Programmes > Par auteur > Klamt Sérgio

Ceramic pigment analyses: Archaeometry to understand its use.
Pierluigi Rosina  1, 2@  , Susane Antonioli  3, *@  , Sara Garcês  4, *@  , Vitor Gaspar  5, *@  , Sérgio Klamt  6, *@  , André Soares  7, *@  
1 : Polythecnic Institute of Tomar  (IPT)
2 : Instituto Politénico de Tomar/Centro de Geociências  (IPT)
3 : Geomática da Universidade Federal de Santa Maria - UFS
4 : Quaternary and Prehistory Group of Geosciences Centre (u. ID73 – FCT) Earth and Memory Institute, Mação, Portugal
5 : Instituto Politécnico de Tomar  (IPT)
6 : Departamento de Matemática, Universidade de Santa Cruz do Sul - UNISC
7 : Departamento de História, Universidade Federal de Santa Maria - UFSM
* : Auteur correspondant

The archaeological site RS-TQ-141 is located in the municipality of Cruzeiro do Sul, Rio Grande do Sul (Brazil) and it Guarani Tradition. The site is located between a plantation area and a large slope that extends to the bank of the Taquari River. The site comprises an assemblage of 642 ceramic fragments, 88 lithic objects and 17 samples of coal, soil and bone material. Of these, about 200 small fragments of ceramic present internal and / or external painted surfaces; however, there are issues concerning the shape and size of the vessel. Moreover, it is problematic in determining being the form of the vessel (e.g. pot, bowl, storage jars or drinking vessel). In the past, there have been several studies that have considered the functionality of these vessels, however, little progress has been made in terms of the analysis of the painted surfaces, be it its function, meanings or pertinent to our paper, the chemical analysis involved in the composition of pigments.
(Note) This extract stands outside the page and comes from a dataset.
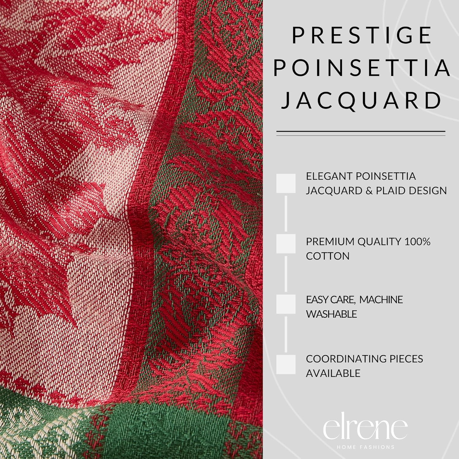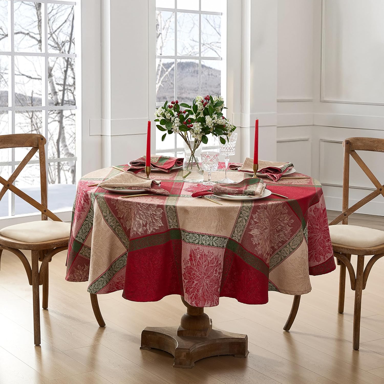 Add a festive touch to your traditional table setting this Holiday season with the Prestige Poinsettia Jacquard tablecloth. With its stunning poinsettia design and classic plaid pattern in tones of beige, red and green, our woven tablecloth is a favorite for seasonal gatherings, formal holiday events and celebrations, or everyday dining. 100% Cotton fabric offers an elegant drape and a lush feel, which becomes softer through time and use. Finished off with a delicately hemmed edge to provide a finished look and prevent wear and tear, this durable tablecloth is machine washable for easy care. Available in a large selection of table shapes and sizes, including rectangle, oval and round, we are sure to have the perfect fit for your everyday dining and seasonal entertaining needs. Designed to coordinate beautifully with a wide range of everyday and seasonal dinnerware. For a complete look, pair your tablecloth with our luxury table pad and matching Prestige Poinsettia Jacquard napkins.

Applying μ-FTIR methods it was possible to differentiate white and red pigments produced with different types of (ocher) clays. The pigments were produced with the same groups of clays used for the manufacture of ceramics. The presence of at least two groups of clay is recorded: one with more calcium (montmorillonite) than the other, and the other with more aluminum (kaolin). The white pigments are distinguished in the spectra by the presence of carbonate and more aluminum, and by the absence of magnetite. From this research, there does not seem to be any difference between internal and external pigments. Organic materials were detected, both in the pigment and in the production of the ceramics; the latter probably is related to pyrolysis phenomena. The organic resides present within the analysis could suggest the ceramic was used to cook foodstuffs and these in turn became attached to the pigments.